Description, Instructions, and Tips for MS-Pattern

Purpose

This document provides instructions for MS-Pattern.


Contents of this document:

Links to topics in the general instructions:

Introduction and Background

MS-Pattern is a database pattern matching program that has been largely superceded by MS-Homology. It has been retained as it does have a few complementary features:

  1. It uses a completely different algorithm based on text regular expression matching. This does have a few features which aren't duplicated in the MS-Homology program. Details can be found in the Regular Expressions section.
  2. As it uses a different algorithm there may be situations when it is faster than MS-Homology.
  3. The form is somewhat simpler than the one used by MS-Homology.
  4. There is a Pre Search Only feature.

c

An ordinary character (ie. not one of the special characters discussed below) is a one character regular expression that matches that character

\c

A backslash followed by any special character is a one character regular expression that matches the special character itself.

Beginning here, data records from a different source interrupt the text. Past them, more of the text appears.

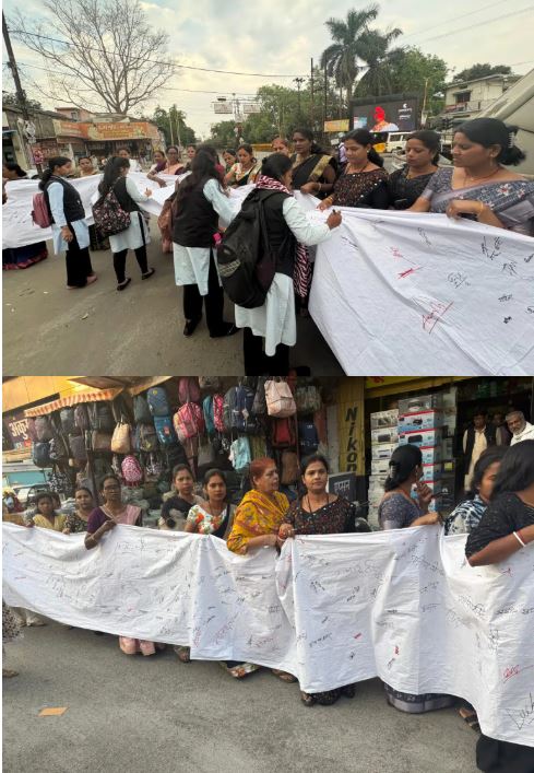 1. हस्ताक्षर अभियान: शहर में बढ़ते नशे और अपराध के खिलाफ महिला कांग्रेस ने मोर्चा खोल दिया है। 11 मीटर लंबी साड़ी पर हस्ताक्षर कर राष्ट्रपति के नाम ज्ञापन भेजा जा रहा है।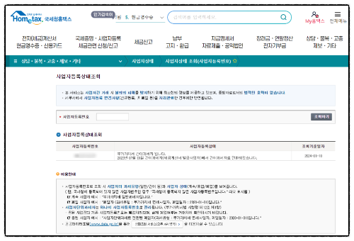 세금계산서 발급 의무 대상인 간이과세자와 거래시 해당 거래처가 세금계산서 발행이 가능한지는 홈택스에서 확인이 가능하며, 세금계산서 발행이 가능한 경우 '부가가치세 간이과세자(세금계산서 발급사업자)'로 나오게 됩니다.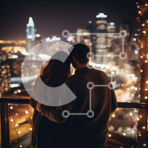 Intra Συλλεκτικό Ξύλινο Παζλ Plywood 4mm - Ζευγάρι αγκαλιάζεται και απολαμβάνει τη θέα στην πόλη τη νύχτα Σε Ξύλινο Κουτί - Διαστάσεις Puzzle: 10x10 cm – 25 κομμάτια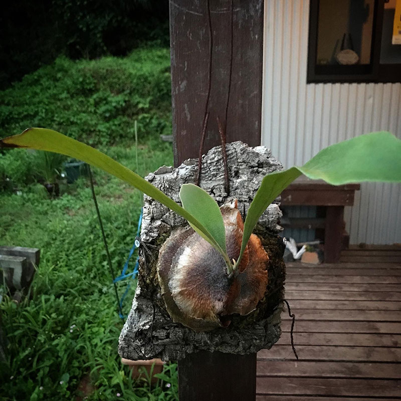 玄関のコウモリランにイキイキした小さな新しい葉が生えた。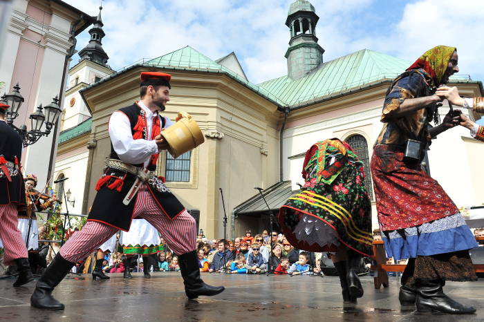 Siuda Baba is a unique element of the spring caroling custom, known only around Wieliczka. The locals believe that being touched by her will bring luck for the upcoming year. Source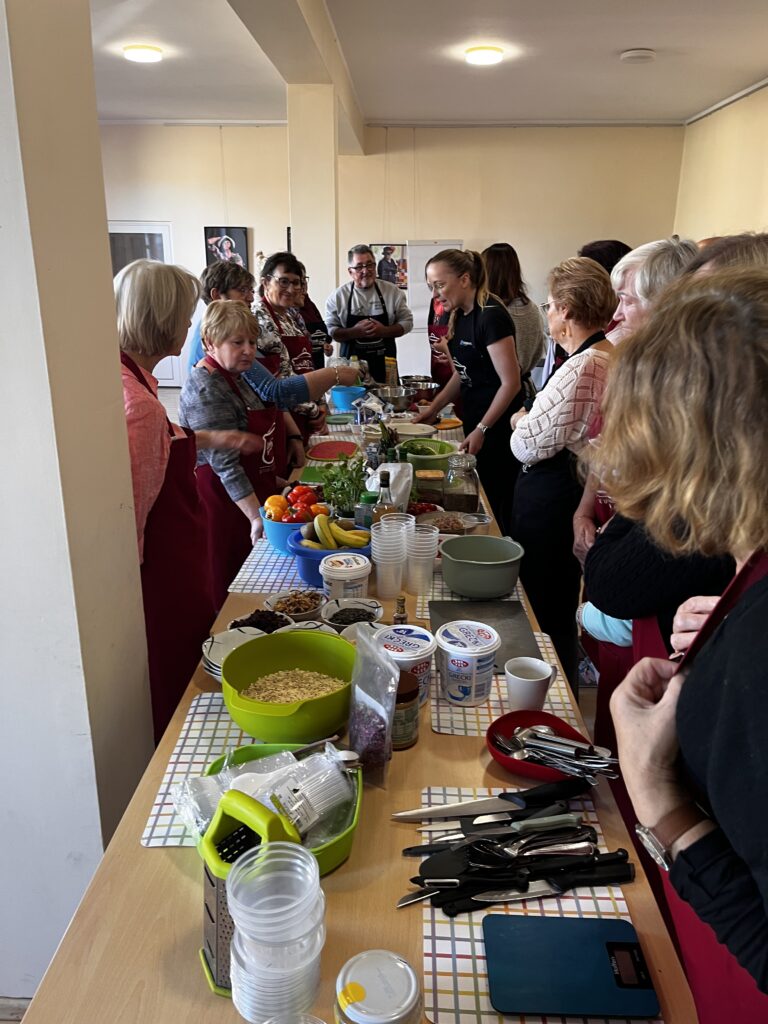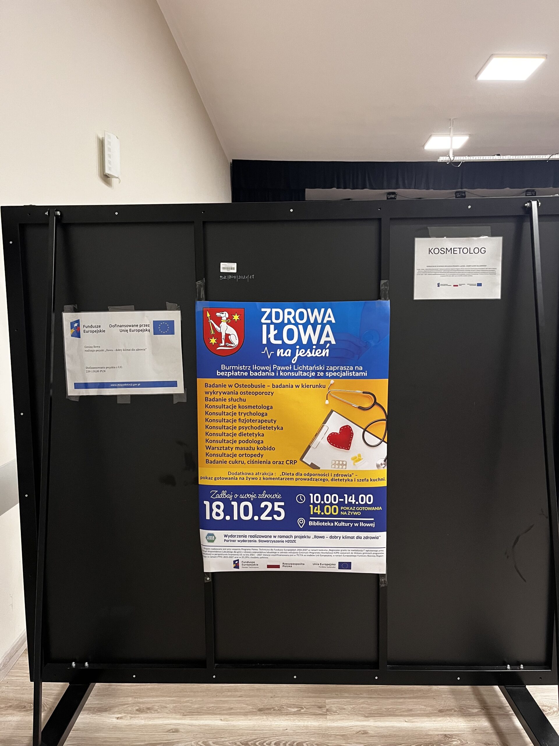 18 października 2025 r. w Bibliotece Kultury w Iłowej odbyło się wydarzenie prozdrowotne z bogatą ofertą konsultacji i profilaktyki. Mieszkańcy korzystali z porad specjalistów (kosmetolog, trycholog, fizjoterapeuta, psychodietetyk, dietetyk, podolog, ortopeda), bezpłatnych badań (poziom cukru, ciśnienie, badanie wzroku), z badań w kierunku wykrywania osteoporozy w Osteobusie, a także z warsztatów kobido. Dodatkową atrakcją były warsztaty kulinarne dla seniorów i młodzieży oraz pokaz gotowania na żywo.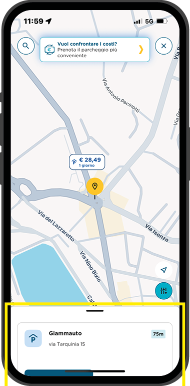 Per prenotare da app MooneyGo un parcheggio in struttura, segui questi semplici passaggi: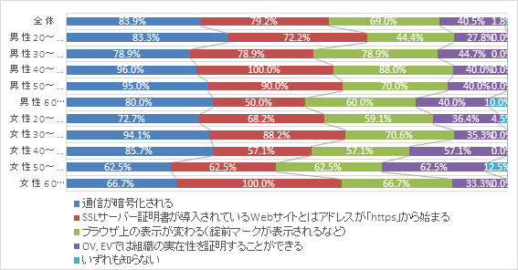 SSL サーバー証明書の導入効果について、通信が暗号化されるという認識については非常に高い結果であるのに対し、OV / EV の実在性証明や EV 導入効果についての理解は低いとの結果が出ました。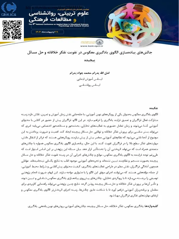 الگوی یادگیری معکوس به عنوان یکی از رویکردهای نوین آموزشی، با جابه جایی نقش زمان آموزش و تمرین، تلاش دارد زمینه مشارکت فعال فراگیران و تعمیق فرایند یادگیری را فراهم سازد. در این الگو، فراگیران پیش از حضور در کلاس با محتوای آموزشی آشنا می شوند و زمان تعامل حضوری به فعالیت های تحلیلی، بحث محور و مسئله محور اختصاص می یابد؛ امری که می تواند بستر مناسبی برای پرورش تفکر خلاقانه و توانایی حل مسائل پیچیده ایجاد کند. اهمیت و ضرورت پرداختن به این موضوع از آنجا ناشی می شود که نظام های آموزشی معاصر بیش از پیش نیازمند رویکردهایی هستند که فراتر از انتقال دانش، مهارت های تفکر سطح بالا را در فراگیران تقویت کنند. با این حال، پیاده سازی الگوی یادگیری معکوس همواره با چالش های متعددی همراه است که می تواند اثربخشی آن را تحت تاثیر قرار دهد. بیان مسئله این پژوهش بر این اساس استوار است که علی رغم توجه فزاینده به الگوی یادگیری معکوس، موانع و چالش های اجرایی آن در زمینه تقویت تفکر خلاقانه و حل مسائل پیچیده به صورت منسجم و نظام مند تبیین نشده اند و تجربه های آموزشی موجود اغلب به نتایج یکسانی نینجامیده اند. عواملی همچون آمادگی فراگیران، نقش معلم در طراحی فعالیت های یادگیری، کیفیت محتوای پیش کلاسی و شرایط محیط آموزشی، از جمله مولفه هایی هستند که می توانند اجرای موفق این الگو را با دشواری مواجه سازند. این ابهام، ضرورت انجام پژوهشی توصیفی را برجسته می سازد تا با رویکردی تحلیلی، چالش های پیش روی پیاده سازی یادگیری معکوس شناسایی و تبیین شوند و تاثیر آن ها بر پرورش تفکر خلاقانه و حل مسائل پیچیده روشن گردد. نتایج چنین پژوهشی می تواند راهنمایی کاربردی برای معلمان و برنامه ریزان آموزشی فراهم آورد تا با شناخت دقیق چالش ها، زمینه اجرای اثربخش تر الگوی یادگیری معکوس و ارتقای مهارت های تفکری فراگیران مهیا شود.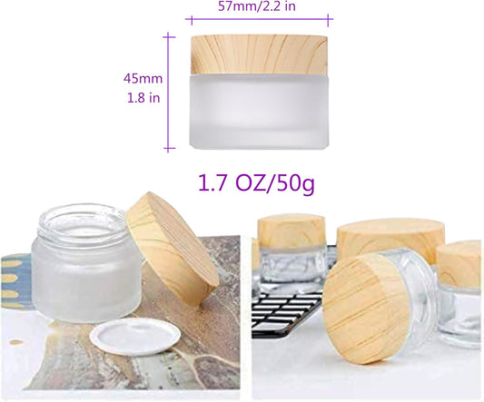 50 Gram/50 ml Empty Sample Jars Round Frosted Glass Bottle Cosmetic Cream Jar Wood Grain Lid Cosmetic Container Glass Cream Box Refillable Cream Pot Jars for Lip Balm Lotion Eyeshadow,4 Pack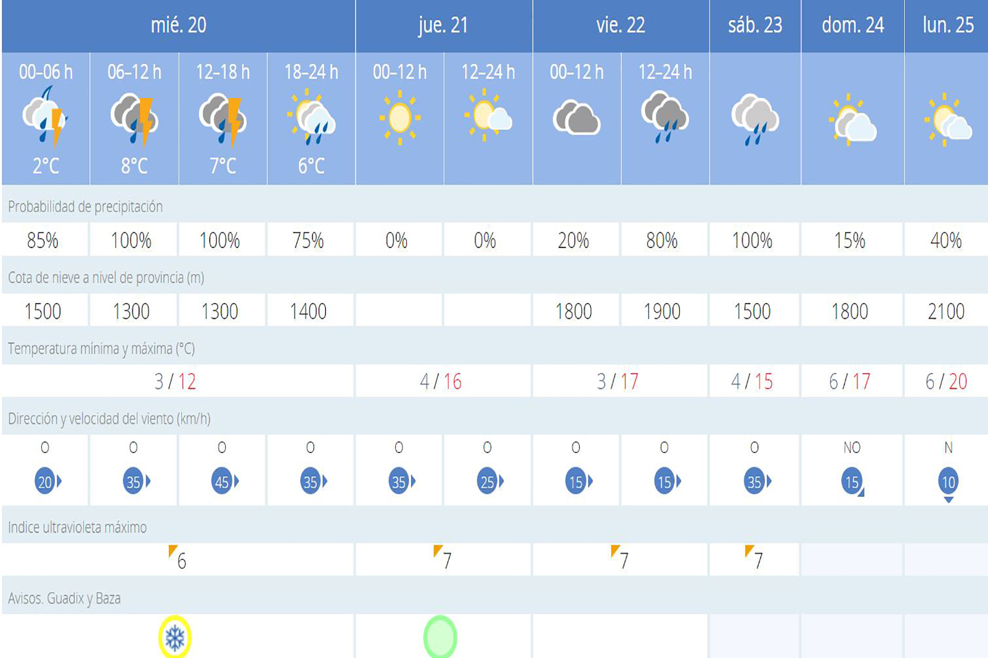 Además, la jornada se presenta con una alerta amarilla por nevadas, que estará vigente toda la jornada, y que prevé nevadas de 3 cm acumulados en 24 h., en las comarcas del norte granadino y en las colindantes de la provincia de Almería, así como en las del norte de Jaén que son limítrofes con la nuestra. Nieve que se espera, fundamentalmente, por encima de los 1000 o 1200 metros, y con la cota que irá subiendo a medida que avance la tarde, por lo que las acumulaciones más importantes serán en la primera mitad del día. Mientras tanto, la jornada se inicia con un 85% de probabilidades de precipitaciones que, a partir de las seis de la madrugada pasarán a ser del 100% y se mantendrán así hasta mediada la tarde, cuando pasarán a ser de un 75%. Además, las rachas de viento no solo no desaparecerán en todo el día, sino que alcanzarán los 45 km/h.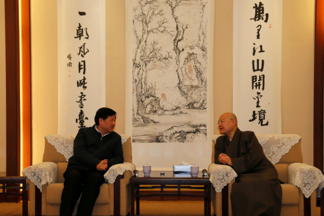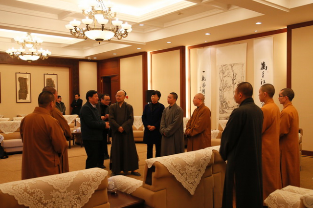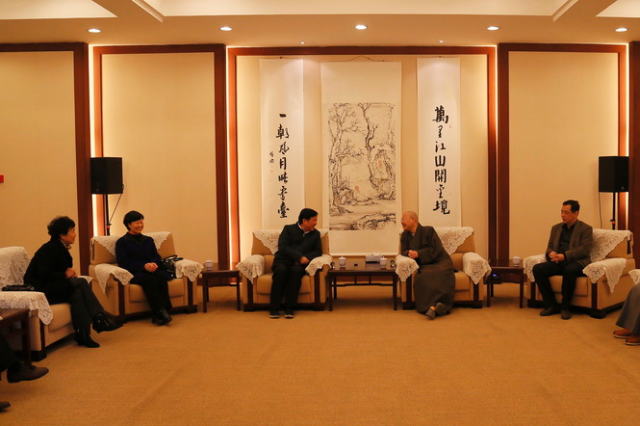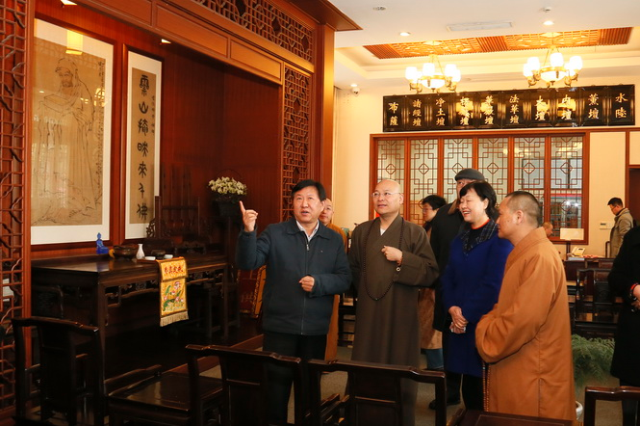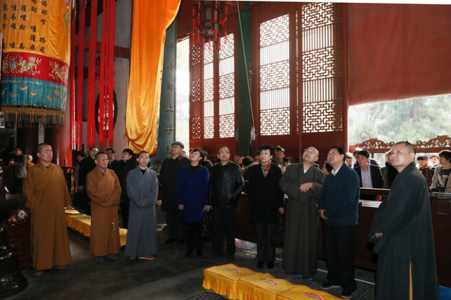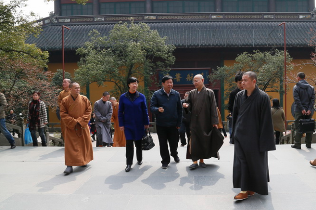 2015年3月11日上午,浙江省人大常委会副主任毛光烈一行,在杭州市民宗局党组书记杨志刚的陪同下,赴灵隐寺调研宗教工作,受到灵隐寺方丈光泉大和尚的热情接待。
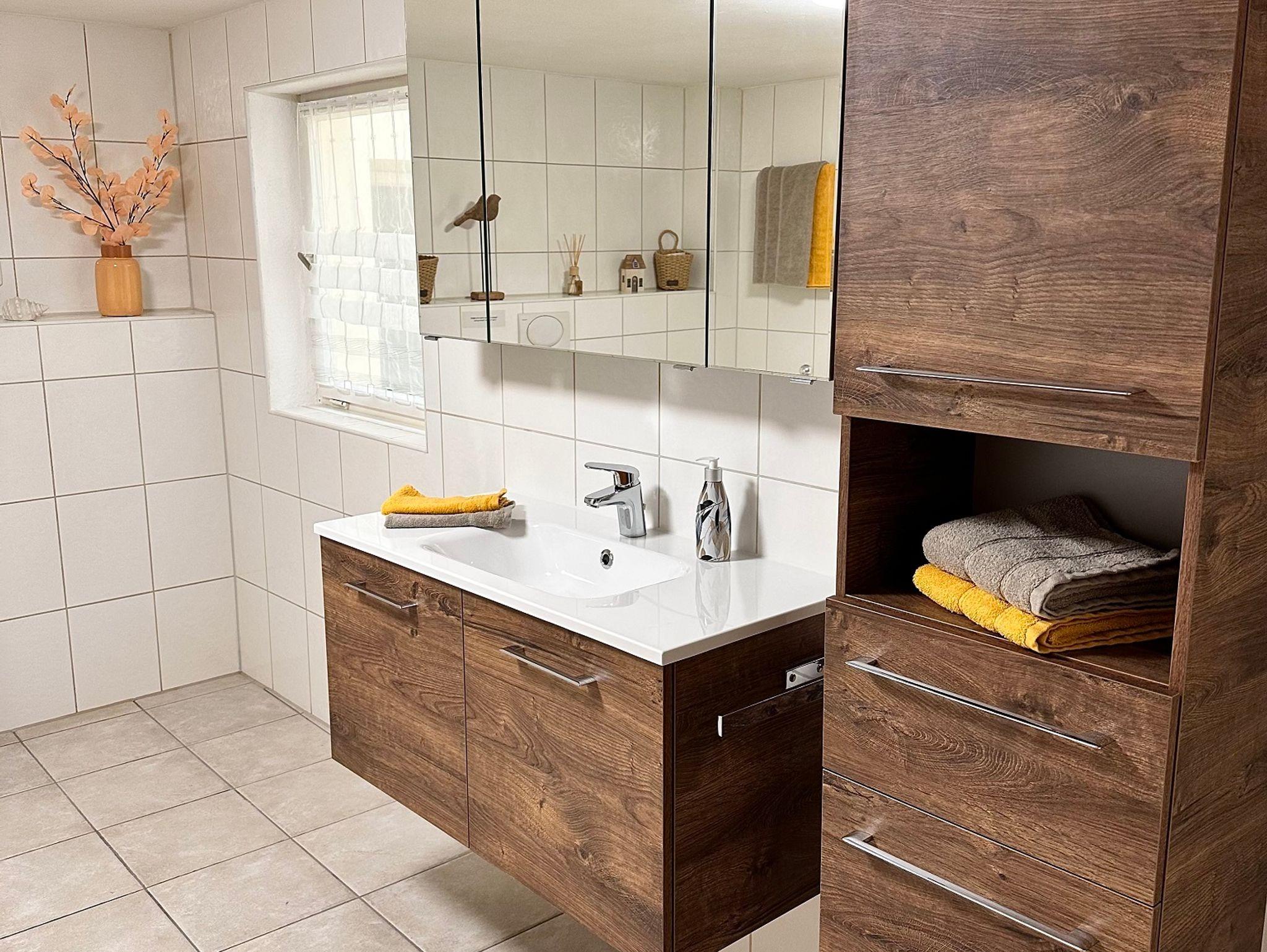 Die Ferienwohnung im 1. Stock verfügt nicht nur z.B. über einen getrennten Wohn- und Schlafbereich sowie eine separate voll ausgestattete Küche inkl. Microwelle und Toaster, sondern auch Lärmschutzfenster, kostenfreies Wireless Internet / WLAN, Telefonanschluss sowie Kabel-TV. Bettwäsche und Handtücher sind vorhanden.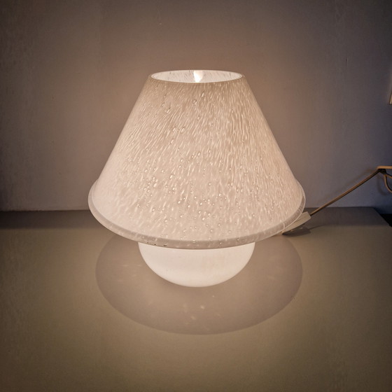 Lampada da tavolo vintage bianca di Glashutte Limburg, lampada a fungo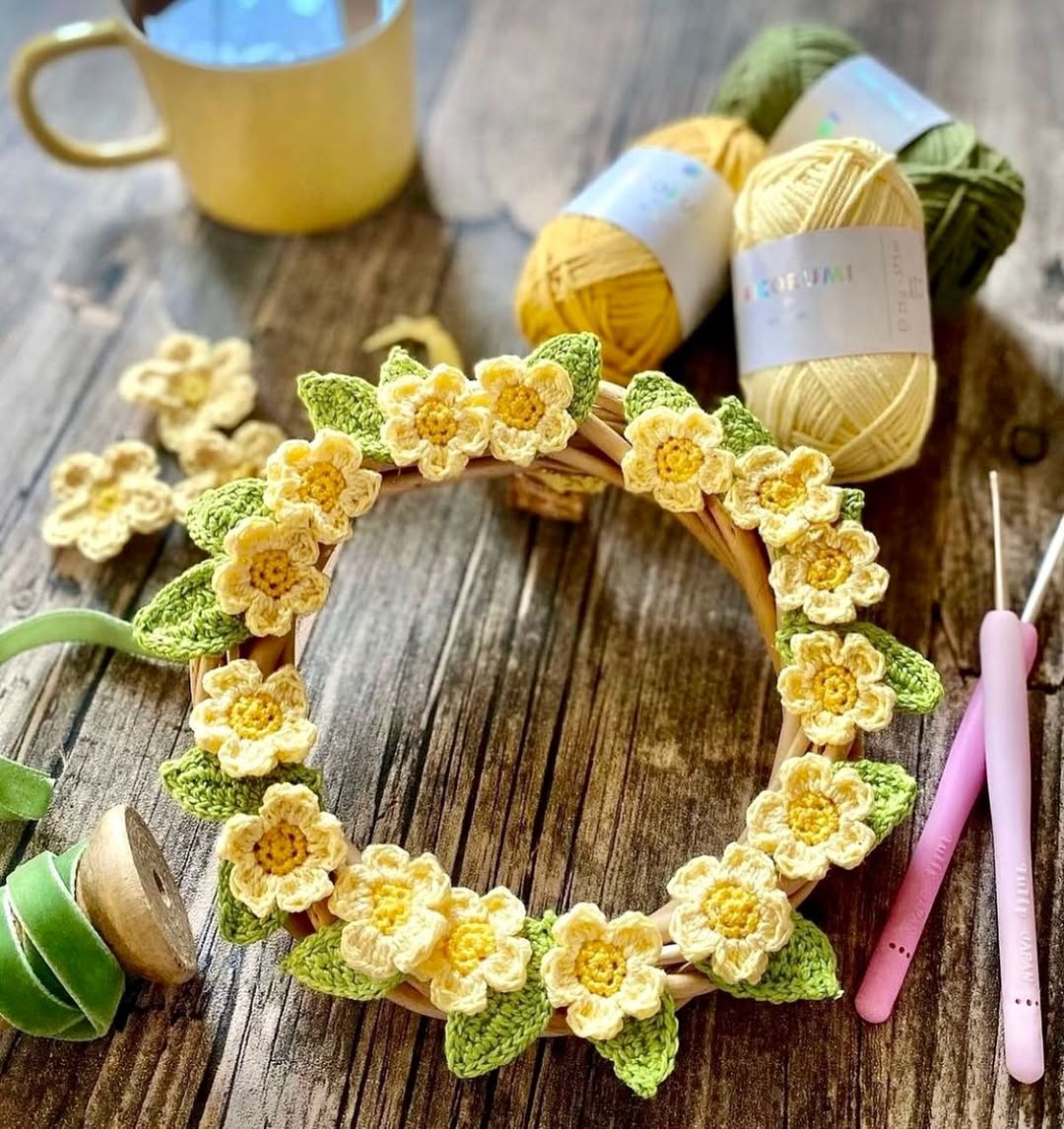 Crocheted primrose blooms wrap this grapevine wreath in pure spring optimism. Soft butter-yellow petals pop against fresh green leaves for that just-bloomed look. The natural twig base keeps it grounded and easy to hang on a mantel or door. It’s the kind of handmade piece that feels cheerful, giftable, and ready for market season.
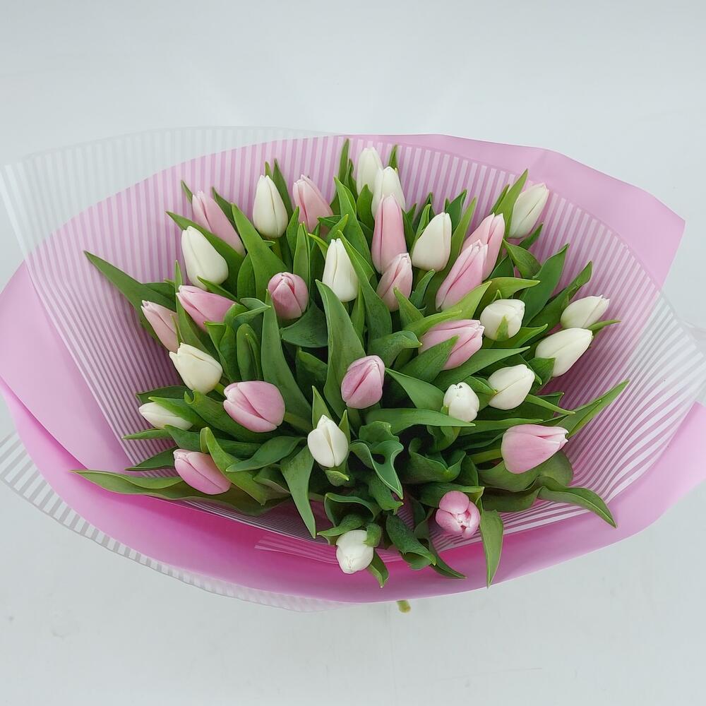 31 бело-розовый тюльпан с оформлением

The following are always special characters in a regular expression except when they appear in square brackets ([]) :

. dot
* asterisk
[ left square bracket
\ backslash

^ caret

is a special character when it is at the beginning of an entire regular expression or when it immediately follows the left of a pair of square brackets

$ dollar

is special at the end of an entire regular expression

Square brackets have special meaning in a regular expression. The regular expressions used are of the form used by the UNIX grep facility. Examples (type man grep on a UNIX system for full details):

[EF] The amino acid is either E or F.
[A-IK-Y] the amino acid is either alphabetically between A and I or K and Y
[^EF] The amino acid is anything but E or F.
. Any single amino acid is possible.
.\{1,4\} Any number between 1 and 4 of any amino acid.
.* Used to represent a sequence of one or more unknown amino acids. Note that this is "dot-star" not just "star". This wildcard allows some not entirely obvious features. A match is to the longest sequence fitting the condition (ex: FMQ .*K will find the last K in the sequence following FMQ).

By setting the Max. # of Mismatched AA's parameter to a value other than 0, homologous sequences can be matched. This is done by allowing a number of positions, as determined by this parameter, not to match protein sequences in the database. In future revisions of MS-Pattern this parameter may be replaced by PAM matrices used in sequence homology programs like BLAST.


Pre Search only mode does a search based on the pre-search parameters. Some examples of the use of this would be to:

  1. List all the proteins in a specific molecular weight or pI range for a particular species.
  2. List all the proteins in the database where the name field contains the word keratin.
  3. List all the proteins for a specific species code.

If the number of matches is greater than the Max. Reported Hits then the report reports the total number of hits but only lists the first Max. Reported Hits hits.

The Pre Search hits can be saved to a file and used as input for future searches.